Paul Howell, MP for Sedgefield, states again the importance of investing in transport, especially bus services and the rail network, following release of the All-Party Parliamentary Group on Coalfield Communities report into its Inquiry “Next Steps in Levelling Up the Former Coalfields” on 12th June 2023.
The Inquiry, initiated last November, received more than 70 submissions from across England, Scotland and Wales, including from local authorities, the voluntary and community sector, and the Scottish and Welsh Governments.
At the forefront of the report’s recommendations is the need to boost local economies. The report says that trickle-down from the big cities is failing the former coalfields, which mostly cover smaller towns and communities.
With a combined population of 5.7 million – roughly the same as a typical English region and more than the whole of Scotland – the former coalfields are too big to ignore, says the report. They include places of acute disadvantage, and though unemployment has fallen economic inactivity remains widespread.
The State of the Coalfields report for example, by academics at Sheffield Hallam University, found that the former coalfields have only 55 employee jobs per 100 residents of working age, compared to a national average of 73 and 84 in the main regional cities.
In addition to calling for stronger policies to grow the local economies of the former coalfields the report calls for:
• Investment in transport, particularly local rail
• More high-quality apprenticeships
• Monies returned to the Treasury to be used to fund small business
units
• Geothermal mine water to be investigated as a source of green
energy
• Longer-term levelling up funding, allocated by formula not bidding
• A higher share of miners’ pension fund surpluses to go to retirees
• UK Government funding for coal tip safety in Wales
• A better deal for the coalfields from Lottery funding.

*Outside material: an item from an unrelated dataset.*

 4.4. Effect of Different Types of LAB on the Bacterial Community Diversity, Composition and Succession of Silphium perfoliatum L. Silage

Paul Howell MP (Conservative, Sedgefield) member of Business, Energy and Industrial Strategy Committee during the Mineworkers’ Pension Scheme Report of Session 2019–21 and Co-Chair of APPG for ‘Left Behind’ Neighbourhoods, said: “Investment in bus services and reopening the Leamside line is an integral part of delivering on the levelling-up agenda. It’s a key long-term aspiration for the north-east and boasts cross-party support from MPs, councillors, businesses and partnerships.
“Recent cuts to bus services have had a devastating effect across the Sedgefield constituency and I’ve been working closely with Tees Valley Combined Authority, Darlington Borough Council and Durham County Council to find out the best way to ensure my constituents have access to employment and educational opportunities as well as access to health care, leisure and retail and just being able to stay in touch with family and friends.

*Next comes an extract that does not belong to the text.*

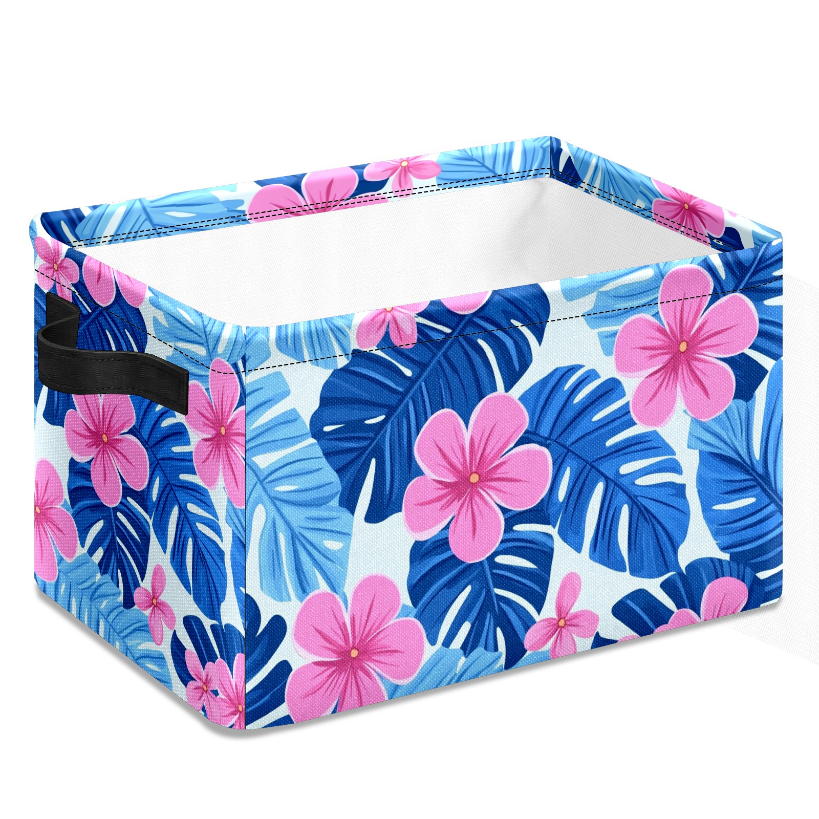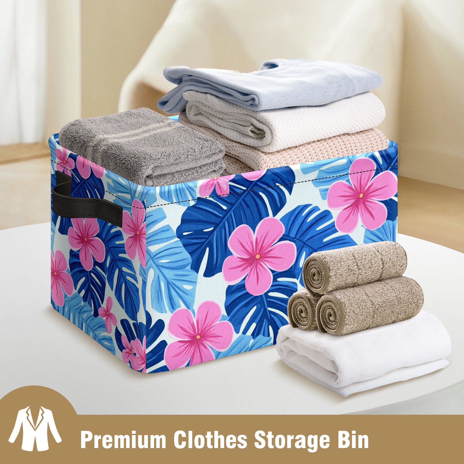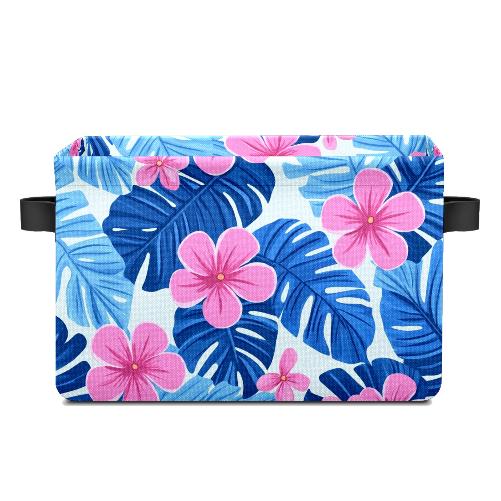 Foldable and Stackable Fabric Storage Basket for Home Organization with Handles, Decorative Closet Bins for Shelves and Laundry Storage( Pink Floral And Blue Leaves)

“Coalfield communities worked hard for us, now let’s work hard for them by opening up and improving transport routes across bus and rail services.”

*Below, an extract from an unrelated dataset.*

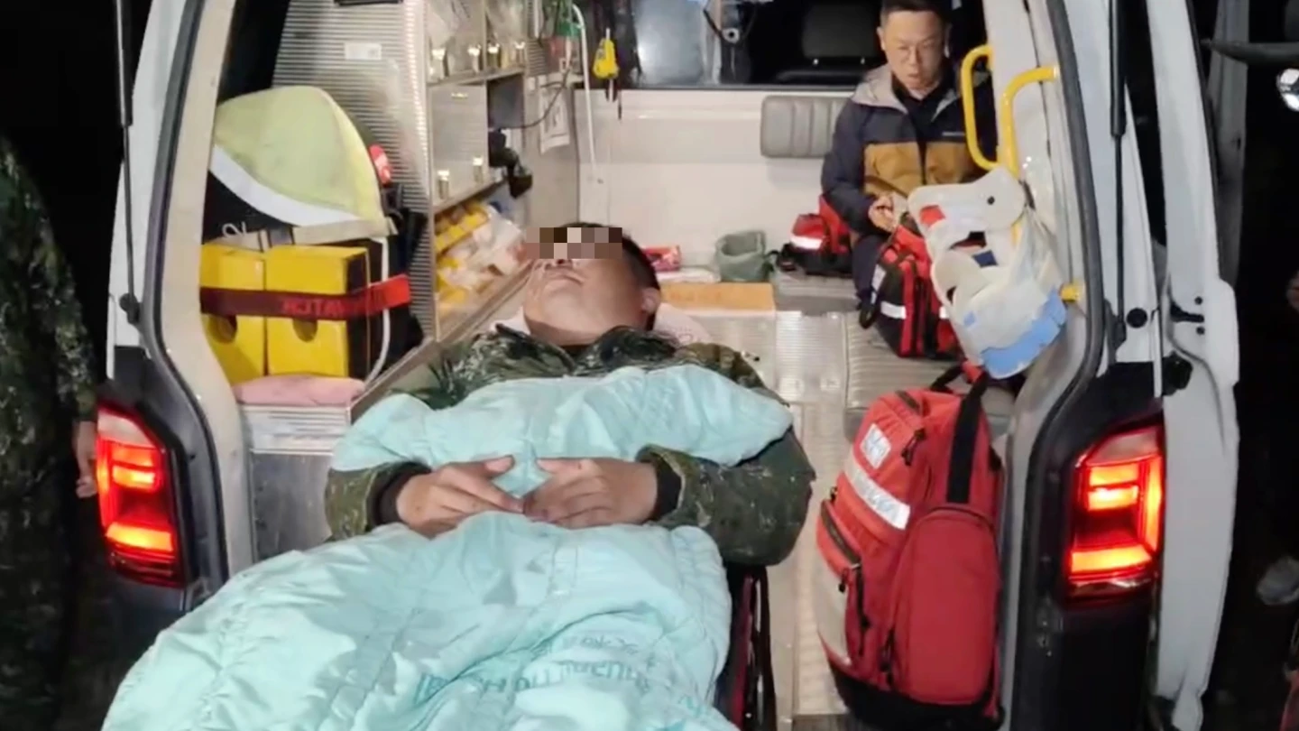 【記者王煌忠/台中報導】陸軍十軍團江姓裝甲兵21日利用休假獨攀「八唐縱走」,卻不慎摔落邊坡導致手機噴飛失聯,求生意志強烈的江男,靠著僅存的3根能量棒以及溪水果腹、解渴,並在白天不斷吹哨,受困歷經110小時,昨天在警消與國軍搜救人員全力搜尋,在南松鶴山附近溪谷尋獲他,當下江男意識清楚,僅臉部及身體擦挫傷,甚至還能向空拍機比讚示意,昨晚已由搜救隊成功背負下山,並送往台中國軍醫院治療。

Durham County Councillor David Sutton-Lloyd, Conservative Councillor for Aycliffe North & Middridge and Chair of the Northern area of the Industrial Communities Alliance attended the Coalfields Community Event in Westminster on Monday 12th June 2023 and said: “As Chair of the Northern area of the Industrial Communities Alliance I welcome the progress made on the next steps of these important issues for the future of many former coalfields including Durham.
“This report builds on the excellent long standing research work of the National Industrial Alliance who have submitted well balanced plans on ‘levelling up’ crucially Shared Prosperity Funding, streamlining and long-term funding plans, together with other ideas on education, apprenticeships and gap funding. All need to be acted on.”